** About this task **
Reproduce the listing exactly, with no pictures in your copy.

** Material provided **
★ ★ ★ ★ ★

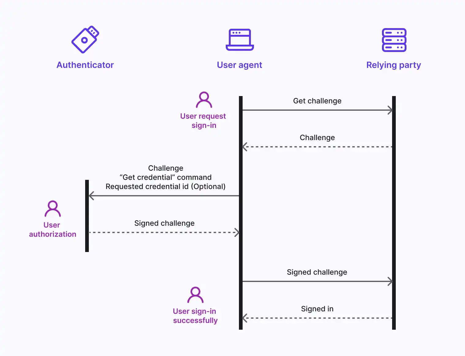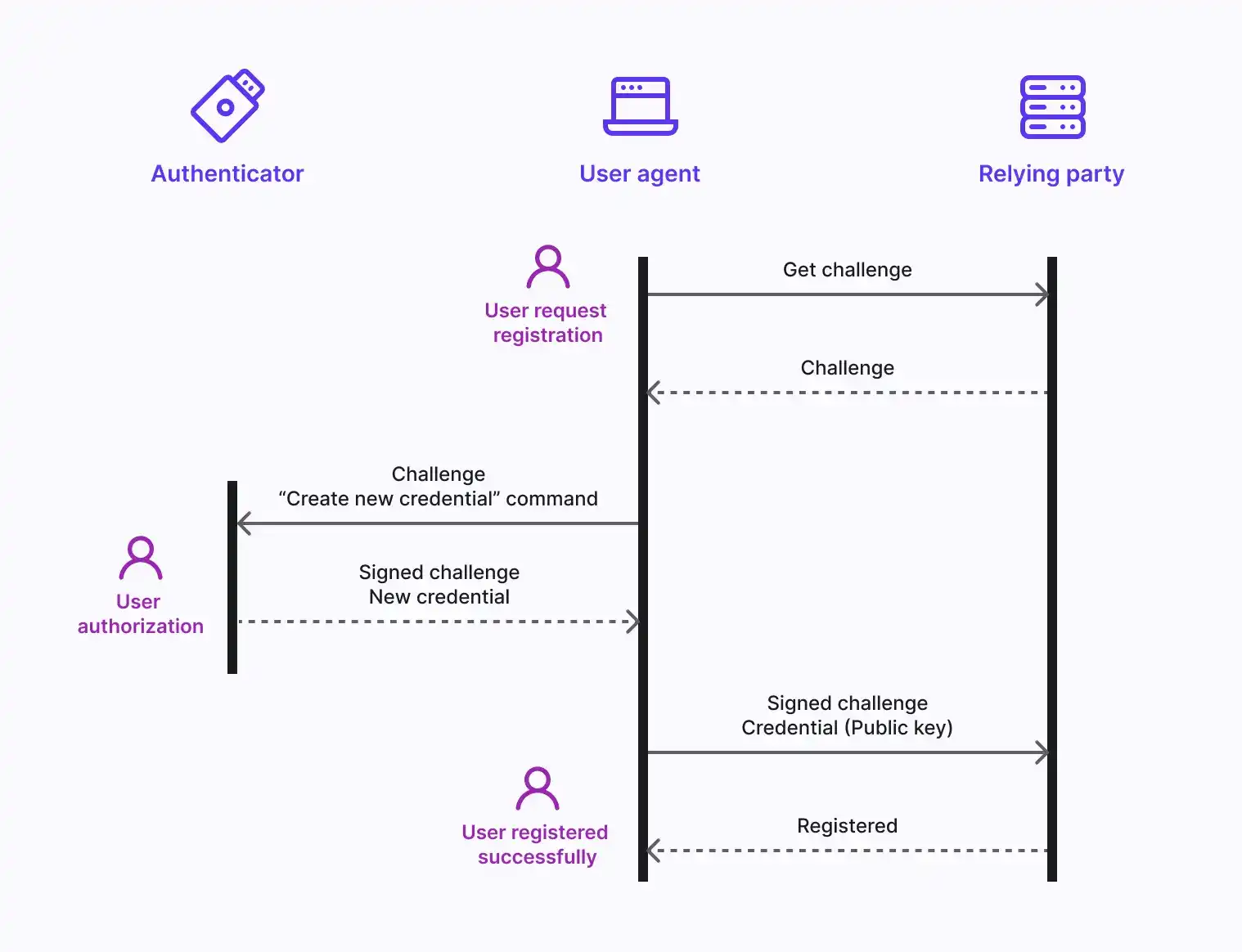 - User Verification: The User Agent sends the challenge to the Authenticator, which interacts with the user for verification (e.g., biometrics or a button press).
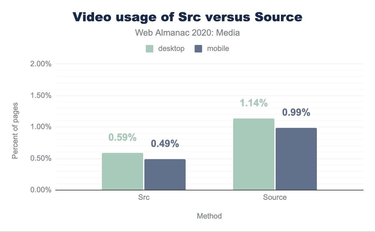 当然のことながら、もっとも一般的なタイプの値はvideo/mp4です。しかし、次に多いのは、デスクトップ用のタイプの15%、モバイル用クローラーに送信されるタイプの20%を占めるvideo/youtubeで、これは登録されたMIMEタイプではありません。これは、登録されたMIMEタイプではなく、(WordPressを含む)いくつかのプレイヤーがYouTubeの動画を埋め込む際に使用する特別な値です。さらに、Vimeoの埋め込みにも同様のパターンが見られます。
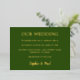 Classic Forest Green Mariage Foil Invitation, facile de personnaliser le devant de l'invitation avec les détails du mariage et le nom du couple se mariant, en utilisant le modèle de personnalisation en ligne avant de commander. L'avant de l'invitation présente un beau texte en feuille métallique sur un bel arrière - plan couleur "vert forêt", tandis que l'arrière de la carte est couleur claire "vert forêt".
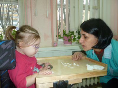 Калі я з мэтай удасканалення вопыту па спецыяльнай адукацыі была ў Германіі, нам падчас адной з сустрэч прапанавалі вялікую праграму па вывучэнні эргатэрапіі — кірунку, які дазваляе падбіраць лячэнне для цяжкіх дзяцей (з 4—5 ступенямі страты здароўя). З чаго неабходна пачынаць? З правільнага пазіцыяніравання дзяцей, асабліва дзяцей з ДЦП. З умення расслабіць іх, надаць іх целу такую позу, пры якой гасяцца тонусы, знікаюць паталагічныя рэакцыі і дзецям становіцца камфортна. Пры гэтым з дапамогай спецыяльных сродкаў — падушак, валікаў, кліноў, штучна створаных цяжкасцей для рук і г.д., — вызваляюцца галава, лёгкія, рукі дзяцей. Яны настройваюцца на станоўчыя зносіны і пазітыўныя эмацыянальныя рэакцыі, на зрокавы кантакт.

★ ★ ★ ★ ★

** Task answer **
 - User Verification: The User Agent sends the challenge to the Authenticator, which interacts with the user for verification (e.g., biometrics or a button press).
 当然のことながら、もっとも一般的なタイプの値はvideo/mp4です。しかし、次に多いのは、デスクトップ用のタイプの15%、モバイル用クローラーに送信されるタイプの20%を占めるvideo/youtubeで、これは登録されたMIMEタイプではありません。これは、登録されたMIMEタイプではなく、(WordPressを含む)いくつかのプレイヤーがYouTubeの動画を埋め込む際に使用する特別な値です。さらに、Vimeoの埋め込みにも同様のパターンが見られます。
 Classic Forest Green Mariage Foil Invitation, facile de personnaliser le devant de l'invitation avec les détails du mariage et le nom du couple se mariant, en utilisant le modèle de personnalisation en ligne avant de commander. L'avant de l'invitation présente un beau texte en feuille métallique sur un bel arrière - plan couleur "vert forêt", tandis que l'arrière de la carte est couleur claire "vert forêt".
 Калі я з мэтай удасканалення вопыту па спецыяльнай адукацыі была ў Германіі, нам падчас адной з сустрэч прапанавалі вялікую праграму па вывучэнні эргатэрапіі — кірунку, які дазваляе падбіраць лячэнне для цяжкіх дзяцей (з 4—5 ступенямі страты здароўя). З чаго неабходна пачынаць? З правільнага пазіцыяніравання дзяцей, асабліва дзяцей з ДЦП. З умення расслабіць іх, надаць іх целу такую позу, пры якой гасяцца тонусы, знікаюць паталагічныя рэакцыі і дзецям становіцца камфортна. Пры гэтым з дапамогай спецыяльных сродкаў — падушак, валікаў, кліноў, штучна створаных цяжкасцей для рук і г.д., — вызваляюцца галава, лёгкія, рукі дзяцей. Яны настройваюцца на станоўчыя зносіны і пазітыўныя эмацыянальныя рэакцыі, на зрокавы кантакт.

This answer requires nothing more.